Delivering vaccines is hard work. One of the hardest—and least-discussed—problems of vaccination is the cold chain, the challenge of keeping a vaccine at cold temperatures all the way from production, through shipping to a given country, through local delivery to a health clinic, and finally delivery into someone's body. As we continue World Immunization Week, let's dig in to this slightly geeky technical problem—one that literally means the difference between life and death.
Why Keep Vaccines Cold?
While some vaccines are stable at a relatively wide range of temperatures (some as hot as 40° C), most vaccines must be kept cold in order to maintain their potency. What's more, some vaccines must be kept in a strictly controlled range of temperatures (typically 2°-8° C) or they go bad. Temperatures too cold or too warm can cause a dose of vaccine to lose its "immunogenicity," or its ability to affect the human immune system.
There's a related problem here: Some vaccines that are able to be exposed to higher temperatures are not labeled as such. This causes workers to refrigerate those vaccines unnecessarily (treating all of them the same), which is a waste of energy.
Why Is This A Challenge?
Almost 50% of health posts providing vaccines have no (or very minimal) access to the power grid. Without grid power, it's hard to have reliable refrigeration (and even if you have grid power, in some parts of the world that means lots of outages—which can be hard on a refrigeration unit).
Transporting cold vaccines to remote areas and then storing them properly in those locations are both serious problems due to the general lack of reliable electricity for cooling. In some parts of the world, we're talking about literally packing a foam cooler with ice and vaccine, then carrying that cooler to a village.
To compound the cold chain's core logistical challenge, we are now able to vaccinate children against more diseases than ever. This is great! But more kinds of vaccines means more vaccine volume to carry around and keep cold. One estimate shows that the volume of vaccine per child has gone from 50cm3 in 1980 to 200cm3 in 2010. That's a fourfold increase in vaccine volume per child, to protect against roughly 2.5 times the number of diseases over the same time period.
The best solution to this problem would be the development of vaccines that do not require refrigeration. While work is underway, it may not be possible for certain kinds of vaccines, and even if it becomes possible, that doesn't solve any problems today; the R&D is years out. But, for the record, "thermostable" vaccines are what we hope for down the road—along with better labeling of the ones we have today.
There are also interesting technological solutions in testing. The simplest is a "passive long-term cooler," which you may know better as "a really big, beefy Thermos©-style container." When you make the leap from traditional "tailgate party cooler full of ice" to a precisely engineered vacuum flask, you can extend the cold storage from a matter of hours to an entire month with no power. This is huge, it's cheap, and it's simple. (On the hand, it does require ice...which typically requires refrigeration to create.)
Another approach for health posts without grid power is a Solar Direct Drive. These devices use solar power to drive a compressor, creating ice, then store power in the ice rather than in a battery. This is more resilient to power losses than a traditional refrigerator or battery pack, and a large block of ice can keep the system cool for up to five days even if solar input is low or nonexistent (for instance, on cloudy days).
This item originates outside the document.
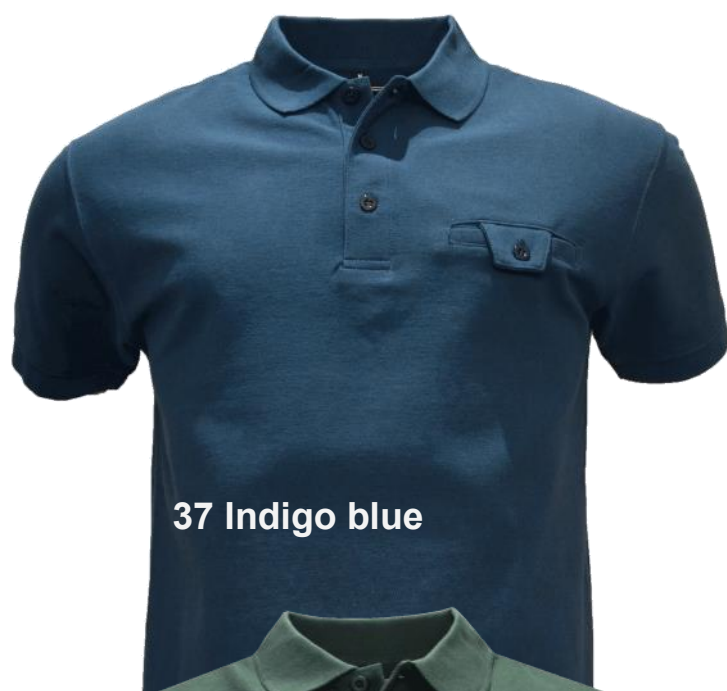
37 Indigo blue

The final technological solution in the pipeline is Ice-Lined Refrigerators (ILRs). These exist today, but improvements to the basic technology could mean these refrigerators could operate on about 8 hours of grid power per day, and still keep vaccines in the required cool range for several days in the event of a power failure.
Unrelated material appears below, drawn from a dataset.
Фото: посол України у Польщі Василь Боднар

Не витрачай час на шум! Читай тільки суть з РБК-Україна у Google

The cold chain is a logistical problem with many inputs. To improve its performance, we have to think about all sides of the problem: improved vaccines (ideally requiring less refrigeration or less volume); improved refrigeration (requiring less or no power); and improved delivery systems (only deliver the needed amount of a vaccine to a given area "just in time," reducing the need for local storage off the grid). All of these elements are in play.
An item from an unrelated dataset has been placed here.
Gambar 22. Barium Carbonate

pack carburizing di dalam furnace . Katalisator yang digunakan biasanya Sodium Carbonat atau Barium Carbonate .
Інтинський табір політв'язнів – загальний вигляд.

In a recent pilot program in Nigeria's Lagos State, all these elements were addressed. At the beginning of the trial, half the district health posts had inadequate vaccine stock on hand; at the end, all were properly stocked. After the program, pentavalent vaccination rates had risen by 15% within just one month. (The "penta" vaccine protects against five diseases: diphtheria-tetanus-pertussis (DTP), hepatitis B, and Haemophilius influenzae type B.) Nigeria is just one of three countries (the others being Afghanistian and Pakistan) in which polio is still endemic, so improvements to vaccination there are key to beating polio.
The take-away: by tackling the cold chain problem from multiple angles, we can improve delivery of vaccines, reduce waste, and save both lives and money. That's a goal worth fighting for.